B. UNE REPRISE TARDIVE ET PARTIELLE DES PRÉCONISATIONS DU CONSEIL D'ETAT
La présente proposition de loi s'appuie, s'agissant du droit de préemption, sur des travaux antérieurs menés au sein du Conseil d'Etat. Mais la reprise des préconisations de ce dernier est à la fois tardive , au regard des évolutions jurisprudentielles intervenues depuis, et partielle , aboutissant finalement à un texte largement déséquilibré.
1. Les préconisations du rapport du Conseil d'Etat de 2007
Le Conseil d'Etat, saisi par le Premier ministre, a adopté, en 2007, une étude évaluant les pratiques et le contentieux propres au droit de préemption et proposant un certain nombre de pistes pour améliorer celui-ci 84 ( * ) .
Il convient tout d'abord de relever que, si l'institution du droit de préemption urbain est fréquente (80 % des communes dotées d'un document d'urbanisme l'ont institué), ce droit est en réalité peu utilisé en pratique puisqu'il concerne environ 1 % des déclarations d'intention d'aliéner (DIA). D'après une autre étude menée en 2008 85 ( * ) , les acquisitions par voie de préemption représentent environ un quart des acquisitions réalisées par les collectivités pour leurs opérations.
Le rapport du Conseil d'Etat relevait que le droit de préemption souffrait d'une fragilité juridique procédurale résidant dans la notion de « projet », interprétée par la jurisprudence administrative de manière exigeante.

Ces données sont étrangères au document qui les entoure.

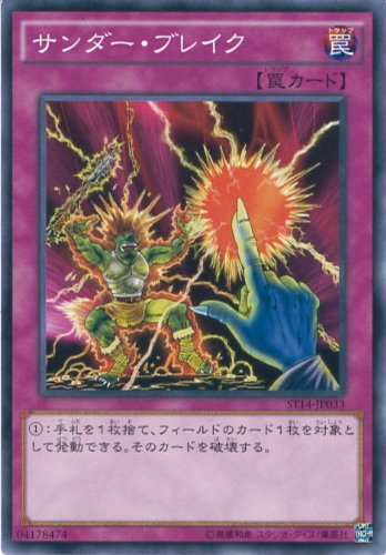 카드 이름이 그레이트 마징가의 필살기 이름과 같은데, 손가락으로 벼락을 날리는 일러스트를 보면 거기서 가져온 이름이 맞는 듯. 그래서 위대한 마수 가제트를 코스트로 버리거나 필드에 깔아놓고 썬더 브레이크를 쓰면 뭔가 그럴듯해 보인다. 영어판 이름은 어째서인지 원래 영어였던 걸 굳이 다시 일본어로 '뇌격(雷擊) 브레이크'로 바꿔놓은 찌릿한 이름이 되었다. 초기 북미권의 카드 번역이 일본어의 음독을 그대로 영어로 옮기는 경우가 많았는데 그 중 하나다.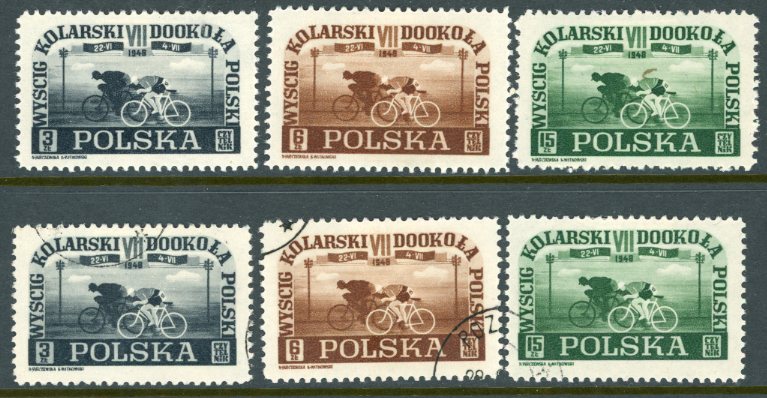 Poland: 1948 (22 June). Seventh Circuit of Poland Cycle Race mint o.g. and used sets. Sg. 616/618. *

Ainsi les communes devaient justifier de l'existence d'un projet « certain et précis » pour exercer le droit de préemption. Autre source de leur fragilité, l'exigence de motivation de la décision, qui devait faire mention du projet.
L'enquête menée par le Conseil révélait que le défaut ou l'insuffisance de motivation était à l'origine d'environ 44 % des annulations, et l'absence de projet de nature à justifier l'usage du doit de préemption à l'origine d'environ 22 %. Le tiers restant était principalement constitué de décisions prises par une autorité incompétente (7 %), en vue d'un autre objet que ceux énumérés à l'article L. 300-1 du code de l'urbanisme (5 %) ou encore, dans une moindre mesure, des décisions prises hors délai ou en l'absence d'avis préalable du service des Domaines. Sur la période 1990-2005, le Conseil d'Etat, juge de cassation, avait, dans 48 % des pourvois dont il était saisi, annulé les décisions de préemption au fond. 50 % de ces annulations étaient fondées sur le défaut ou l'insuffisance de motivation, 12,5 % sur la méconnaissance de l'article L. 300-1 et 10 % sur l'absence de projet suffisamment précis et certain.
Par rapport au droit européen, le Conseil d'Etat estimait que la préemption était compatible avec la jurisprudence de la Cour européenne des droits de l'homme car elle constituait une « atteinte justifiée par un motif d'intérêt général et proportionnée ». Il ajoutait toutefois que la pratique de la préemption, comme celle de l'expropriation, devait prendre en compte l'arrêt de la Cour européenne des droits de l'homme (CEDH) de 2002 86 ( * ) ayant sanctionné l'appropriation de biens privés par des personnes publiques à des fins de valorisation . Il estimait en conclusion que la jurisprudence de la CEDH ne nécessitait pas de bouleversement du cadre juridique du DPU.
Enfin, le rapport relevait l'existence de certaines utilisations abusives et peu transparentes du droit de préemption, qu'il qualifiait toutefois de « marginales ».
Outre une série d'aménagements, le Conseil d'Etat proposait, afin de répondre à l'insécurité liée à la notion de projet, de créer, dans des conditions strictes , deux droits distincts : un droit « de préférence », aux conditions de la DIA et un droit de préemption dans des périmètres restreints, avec possibilité de contester le prix devant le juge, assorti d'un droit de délaissement.
* 84 Conseil d'Etat, Le droit de préemption, La documentation française, 2008.
* 85 Etude de l'Association des études foncières (ADEF).
* 86 CEDH, 2002, Mothais de Narbonne.